| WHAT THE TASK ASKS |
Write out exactly the lines from the one holding "Elegant black cutout" to the last line of the entries, both ends included and nothing else, without the pictures.
++++ SUPPLIED RECORDS ++++
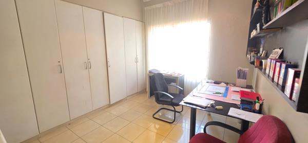 The bedroom wing is neatly arranged along a passage, with an elongated scullery running in line alongside it, offering extended utility space. The first and second bedrooms are tiled and fitted with built-in cupboards. A communal bathroom services this section of the home and includes a shower and toilet. The third bedroom is also tiled with built-in cupboards and is fitted with an air conditioning unit. It features an en-suite bathroom complete with a jacuzzi, shower, toilet, and double basin.
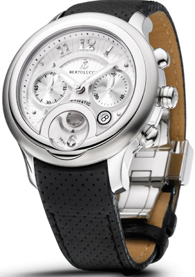 Модель Ref. 1144.51.41.11PE.101 представляет собой трехстрелочник, в круглом корпусе из нержавеющей стали, полированном и сатинированном. Его диаметр составляет 42,2 мм, толщина - 11,6 мм, водонепроницаемость до 50 метров. Сапфировое стекло спереди и на задней крышке корпуса. Циферблат серебристо-белый, декорирован родированными элементами, индексами и цифрами. Стрелки также родированные, с люминесцентным покрытием. Апертура даты на 6 часах. Модель оснащена надежным автоматическим механизмом ETA 2824-2. Черный ремешок из телячьей кожи с тройной раскладной застежкой из нержавеющей стали. Модель Ref. 1194.51.41.11PE.101 является хронографом, также, с полированным и сатинированным корпусом из нержавеющей стали, диаметром 42,2 мм и толщиной 14,9 мм, водонепроницаемым до 50 метров. Сапфировое стекло с антибликовым покрытием спереди и на задней крышке корпуса. Оформление циферблата аналогично таковому у предыдущей модели. Три боковых циферблата (секунд и хронографические счетчики) на 3, 6 и 9 часов. Апертура для индикатора даты между 4 и 5 часами. Модель оснащена автоматическим механизмом ETA 7753 с запасом хода 48 часов и функциями индикации часов, минут, секунд, даты и хронографа. Как и у предыдущей модели - черный ремешок из телячьей кожи с тройной раскладной застежкой из нержавеющей стали. Источник: http://watches.infoniac.com/new-giro...ertolucci.html |
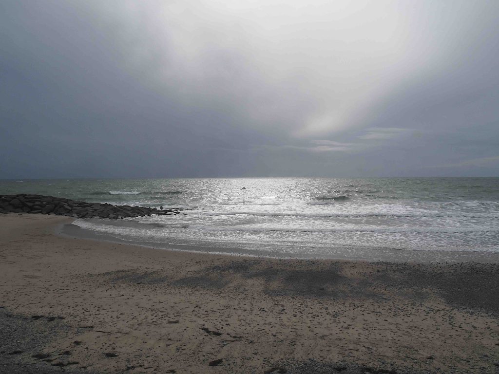 Hearing only the fall of the waves onto sands and the ensuing sound of beach pebbles being drawn along by the retreating water backwards into the timeless sea.
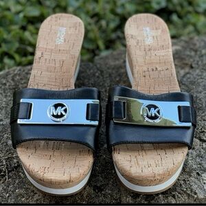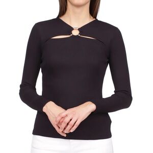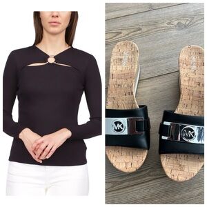 Elegant black cutout top with stylish Michael Kors sandals. Perfect for a modern look.
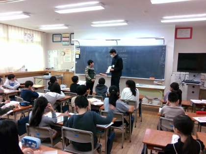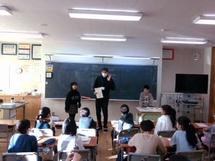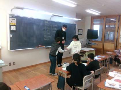 前回の学習では、ペアでパフェとピザを英語で注文し合いました。今日はそれらをお互いに渡し合う活動をしました。友達に描いてもらったパフェとピザを貰い、喜んでいる様子が見られました。
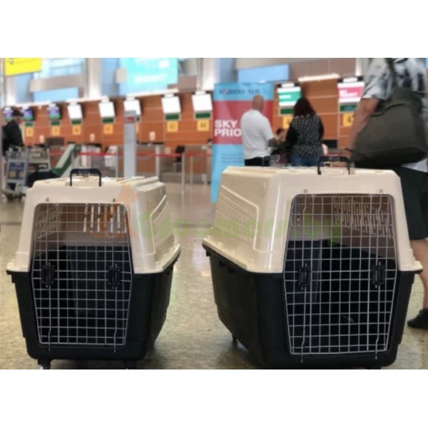 Прочная переноска для животных. Полностью соответствует стандартам "IATA", разрешено к провозу в самолете. На колесах, с длинной ручкой! Вес животного: до 60 кг.
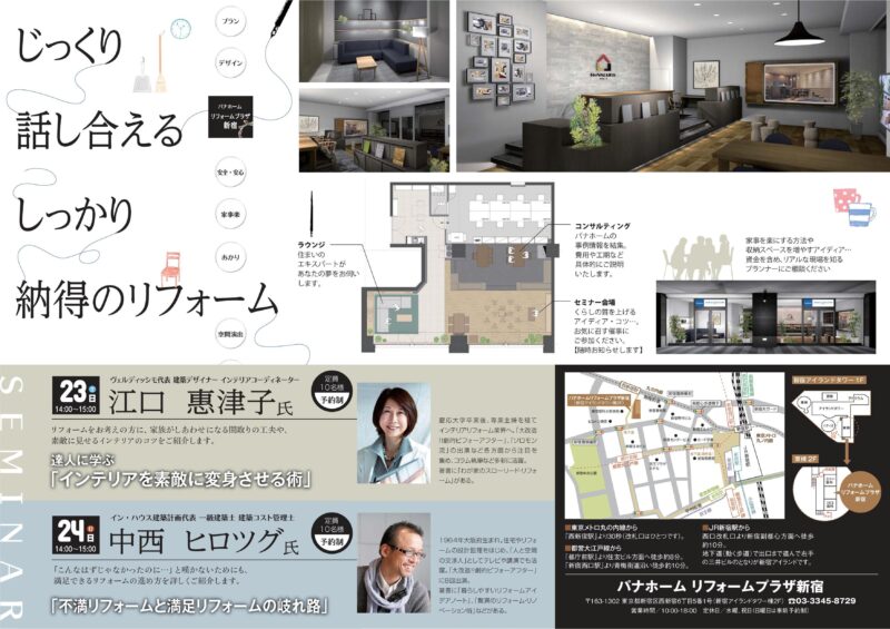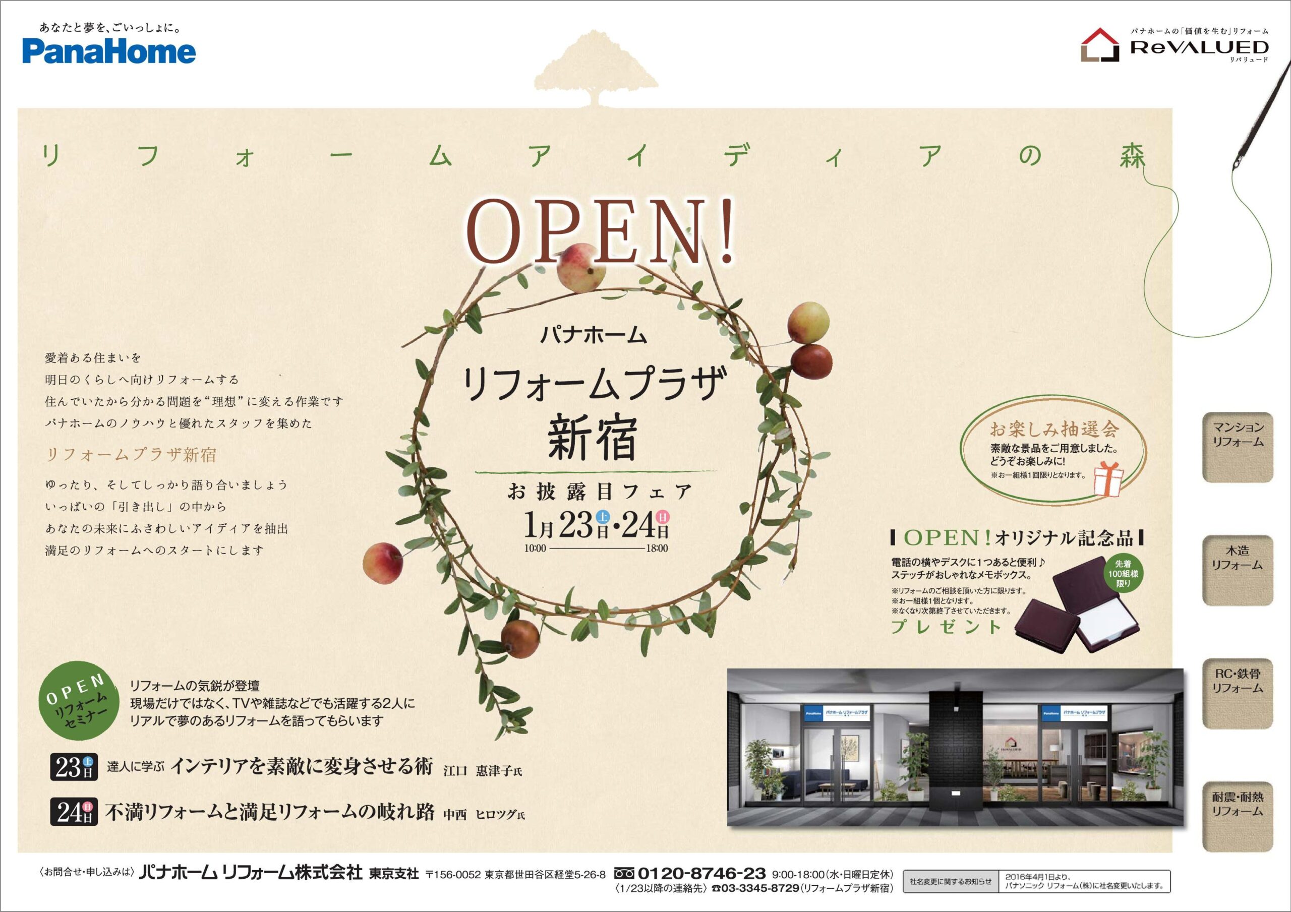 1月23日(土)パナホーム・リフォームプラザ新宿にてOPEN記念セミナー講師を務めさせて頂きます。
++++
| YOUR RESPONSE |
 Elegant black cutout top with stylish Michael Kors sandals. Perfect for a modern look.
 前回の学習では、ペアでパフェとピザを英語で注文し合いました。今日はそれらをお互いに渡し合う活動をしました。友達に描いてもらったパフェとピザを貰い、喜んでいる様子が見られました。
 Прочная переноска для животных. Полностью соответствует стандартам "IATA", разрешено к провозу в самолете. На колесах, с длинной ручкой! Вес животного: до 60 кг.
 1月23日(土)パナホーム・リフォームプラザ新宿にてOPEN記念セミナー講師を務めさせて頂きます。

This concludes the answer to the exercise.